Carola Cárdenas left her native Venezuela twice to live in the United States. Both times she moved to cities that have long attracted large numbers of immigrants, first to Los Angeles, then New York.
But after four years living in the shadow of Manhattan in nearby New Jersey, Cárdenas, 36, and her husband decided to plant some roots elsewhere. They chose Charlotte–far away from any traditional immigrant gateway.
The family’s story reflects the path that many immigrants, here legally or not, are taking–from U.S. urban enclaves filled with immigrants who share their language and culture to Southern cities like Charlotte that offer appealing and affordable suburban lifestyles.
A study published this year by the New York-based Center for an Urban Future found that a growing number of successful immigrants in New York are moving to Southern cities that boast a lower cost of living and a better chance to achieve middle-class goals like homeownership and sending their children to college.
Analysts say the trend reflects immigrants’ greater assimilation and movement up the economic ladder. It also reflects new migration patterns that have been created as large numbers from ethnic communities have spread into regions that traditionally had very little diversity.
Cárdenas, a membership and fundraising director for a YMCA branch, said they realized quickly that “we were not in New York anymore.” But they were encouraged to hear Spanish on the radio, see a few stores and restaurants catering to immigrants, and learn of growing numbers of Latino businesses opening that could possibly use Miguel’s services as a graphic designer.
Perfecto Paredes, a district manager of Compare Foods and a native of the Dominican Republic, moved to Charlotte four years ago from New York City.
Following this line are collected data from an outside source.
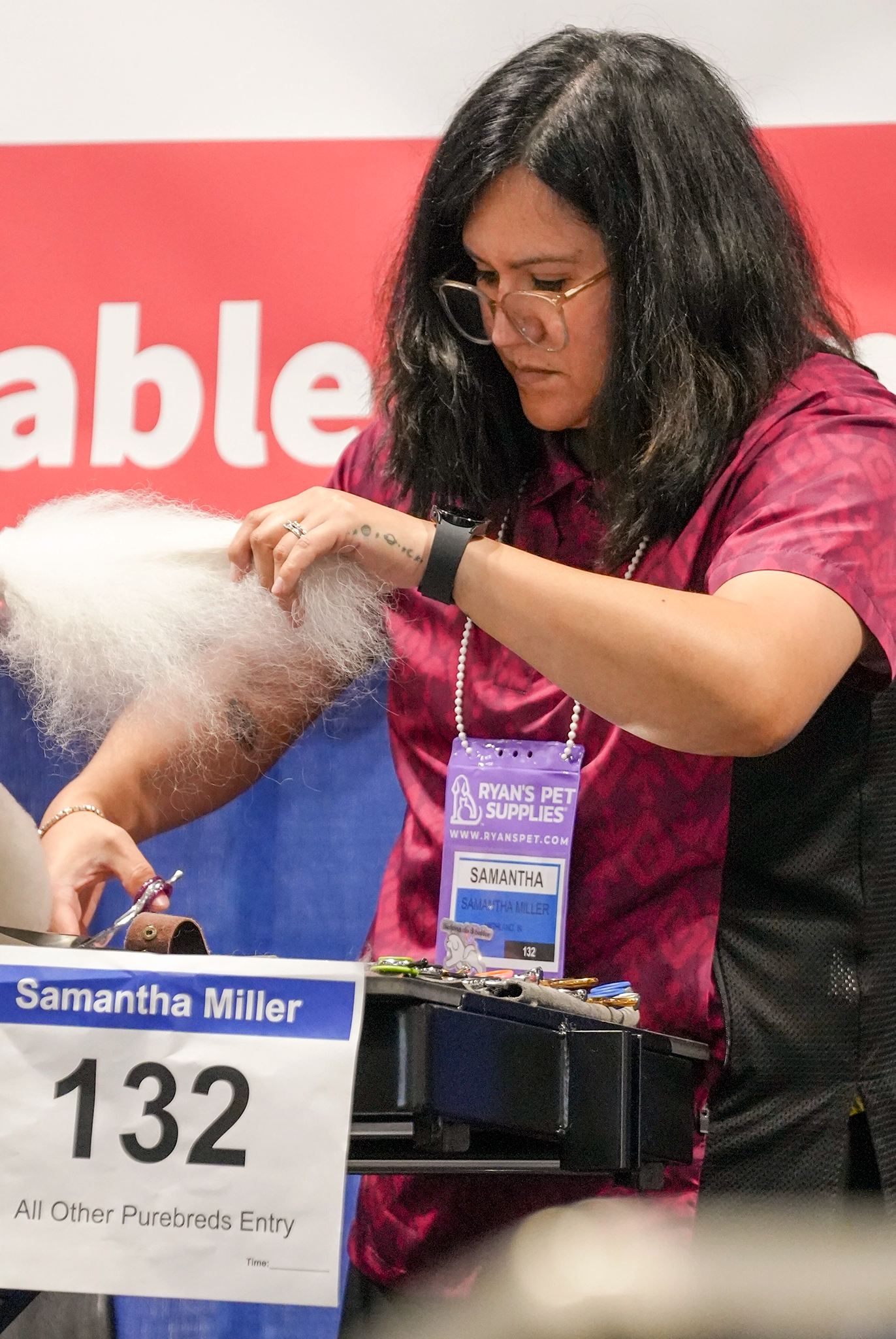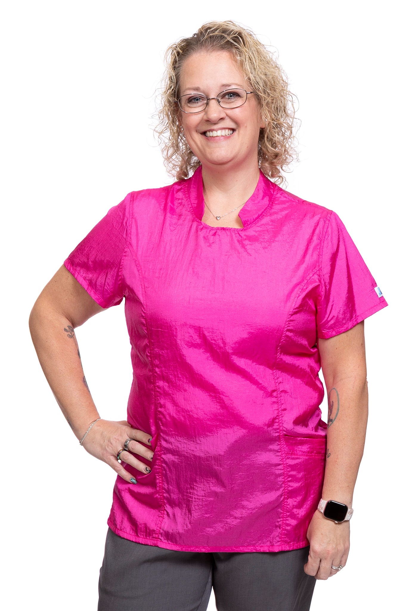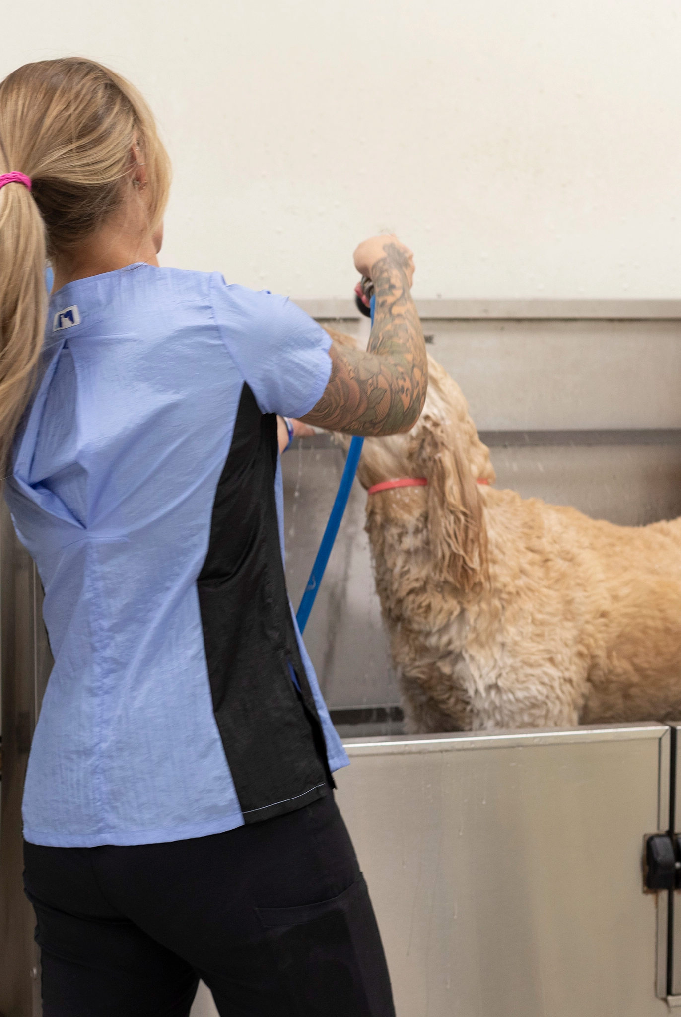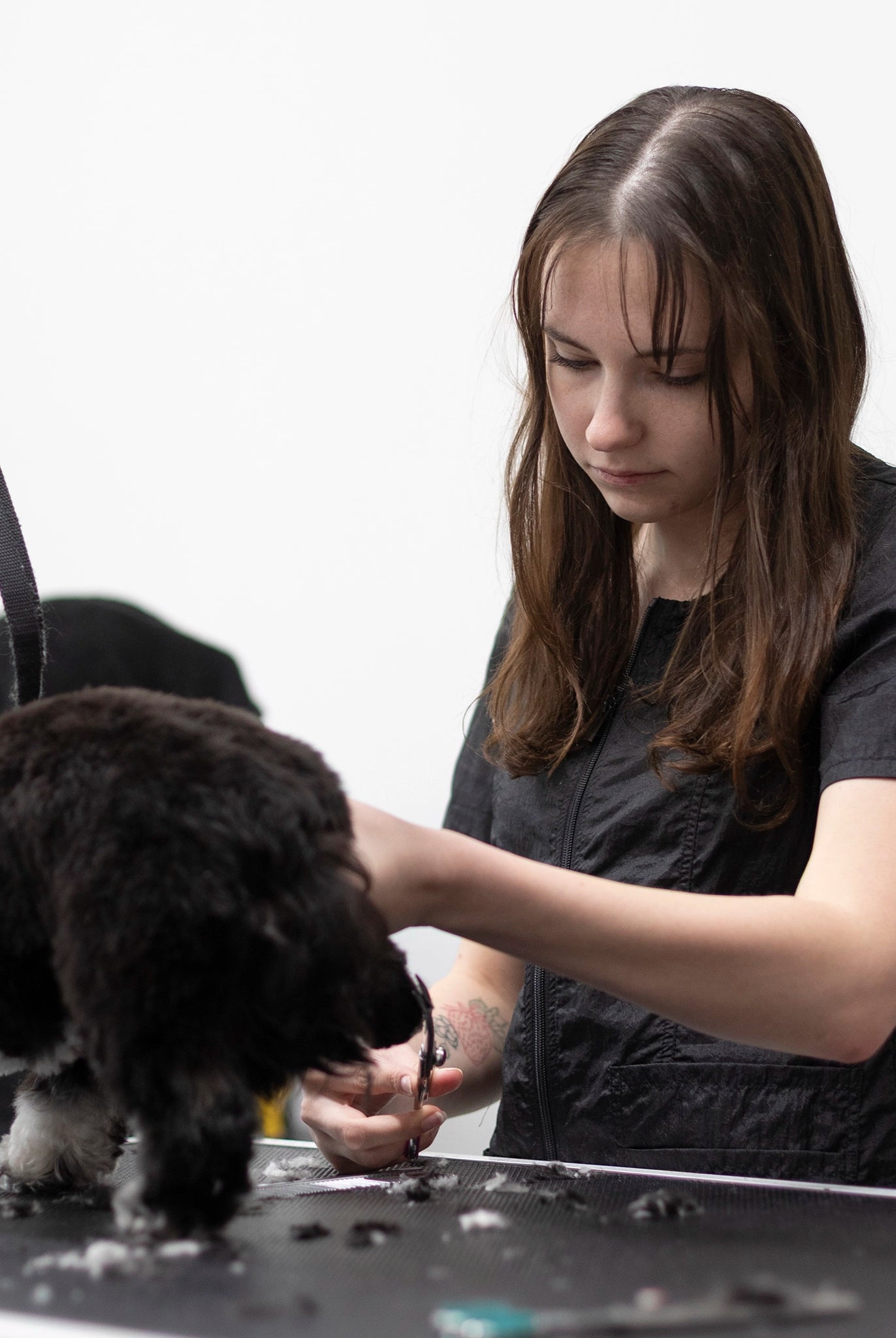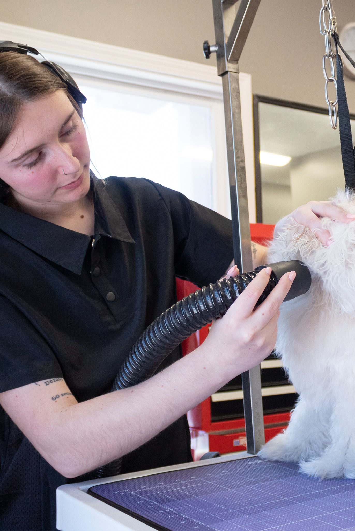 Most of our grooming apparel is crafted from 100% polyester, known for its water-wicking and hair-repellent properties. This fabric is also light and cool, making it perfect for a busy grooming environment.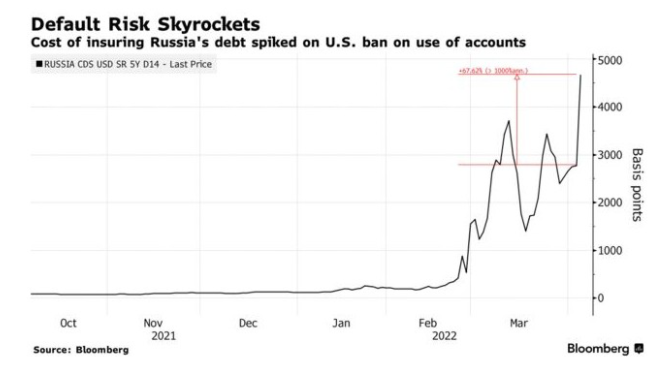 4、俄罗斯或将被迫违约?俄罗斯五年期违约风险涨至87.7%
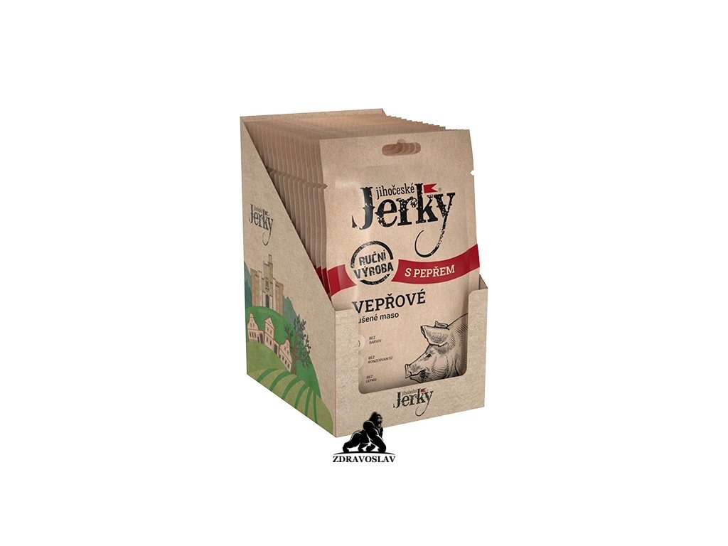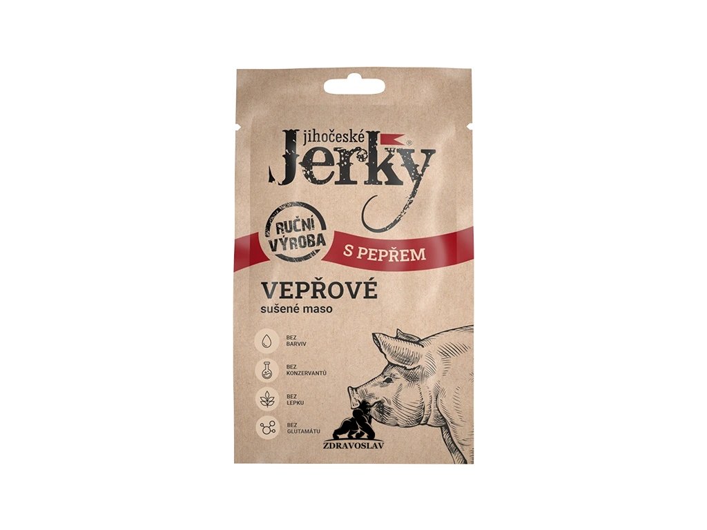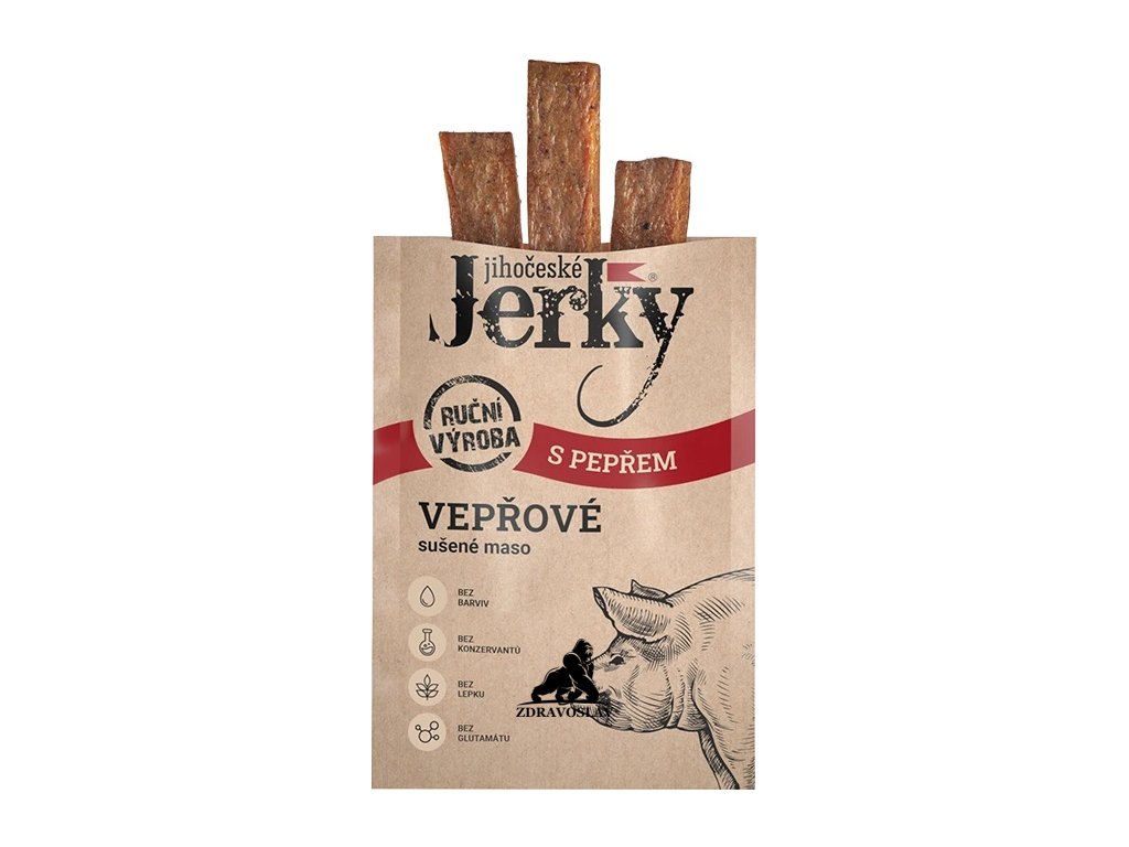 Jihočeské Jerky vepřové s pepřem představují chutnou a praktickou masovou svačinu s výrazným charakterem. Tenké plátky kvalitního vepřového masa jsou ochuceny aromatickým pepřem a následně pomalu sušeny, aby si zachovaly svou přirozenou chuť, pevnou strukturu a nutriční hodnoty.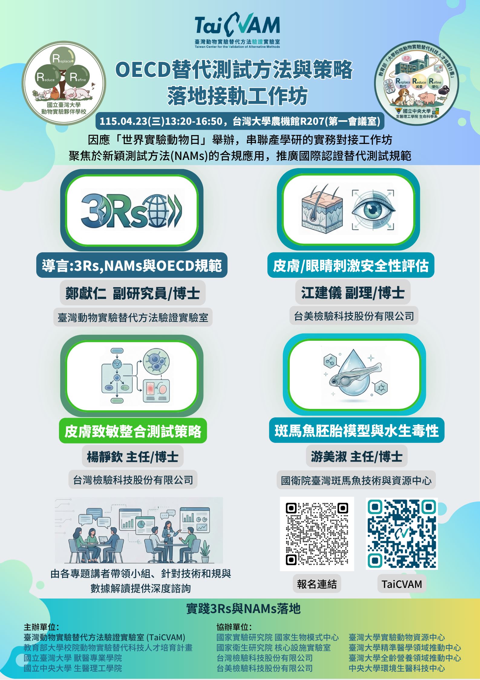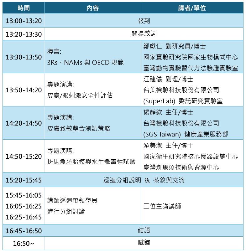 🔹 活動特色 本活動核心亮點在於「產學研深度對接、建立研究社群」:特邀具備國際發展趨勢觀察與檢測技術服務經驗之產業與法人專家擔任講師。活動前半段由國際發展與測試轉型導言,銜接三大核心毒性終點(皮膚/眼睛刺激、皮膚致敏、水生急毒性)之OECD替代測試規範深度解析。活動後半段以「分組巡迴討論」方式,由講師提供技術諮詢與實務經驗分享,針對學研端在導入替代測試時的實驗設計、合規疑慮與數據解讀提供精準建議。期望藉由業界實務經驗的導入,縮短科研開發與應用的轉型陣痛期,共同構建減少動物實驗的永續科研環境。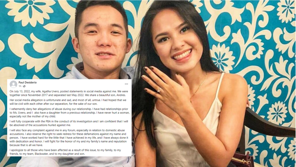 Paul Desiderio, a Blackwater Bossing player, made his announcement on Agatha Uvero’s claims of abuse on Thursday.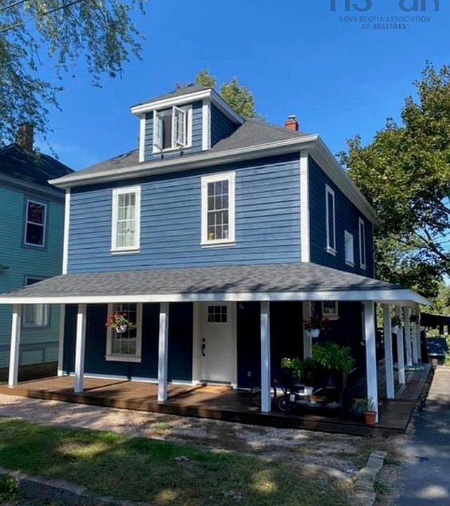 This beautiful Bridgewater home was built in the early 1900’s and has been lovingly renovated over the last couple of years. It is situated in a quiet neighbourhood, a block away from the LaHave River with its waterfront park for walking, relaxing and just enjoying watching the boats on the River. The house has a full basement with walkout access which can be developed for additional living space if desired. The first floor is open concept with a spacious well laid out kitchen, dining and living rooms and a large laundry room and bathroom. There is a comfortable wrap-around deck on the front and side of the house and another lovely balcony overlooking the garden at the back of the house. Four large bedrooms on the second floor with a large bathroom and the third floor has a wonderful large open space which is currently used as a bedroom and study area. The house is completely insulated and incredibly quiet. There is storage galore and as an extra bonus there is a brand-new studio 18 x 24 (?) which is currently used as a photography studio but could be used as a small shop as it is commercially zoned.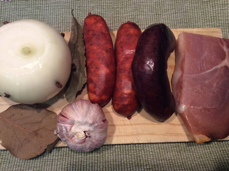 Cuanto termine el tiempo sacamos la cubeta de la olla y rescatamos la cebolla y la cabeza de ajos. Cortamos en rodajas los chorizos y la morcilla y desechamos el jamón, porque habrá quedado seco y fibroso. Pelamos los ajos y los colocamos junto con la cebolla en un recipiente junto con un cazo de caldo. lo trituramos con una batidora y reservamos.

He said friends from the city constantly ask him about Charlotte.
“They want to know about everything–the city, jobs, weather,” he said.
More than a dozen uncles, aunts and cousins have followed Oscar Reto, a mortgage loan officer and a native of Peru, to Charlotte from New York since he moved here in 2001.
Detroit resident Roberto Sanchez travels to Charlotte often on business. He’s long wanted to move to the region, saying the pace reminds him of life back home.
“The weather is very similar to Mexico,” he said. “You don’t need as much money. People are calmer, more easygoing.”
North Carolina’s Latino population has soared since the 1990s, growing more than 1,000 percent. But it’s not just Latinos moving from the Northeast. High-tech professionals from India, teachers from Africa, and others from throughout the world are moving to Charlotte after stops in Chicago, Los Angeles and Miami.
More than 8 percent of Charlotte-Mecklenburg’s 103,000 foreign-born residents moved to the area from another state in 2007, according to Census figures.
Such changes prompted the Levine Museum of the New South to dedicate a yearlong exhibit, “Changing Places: From Black and White to Technicolor,” to the influx of people from around the world.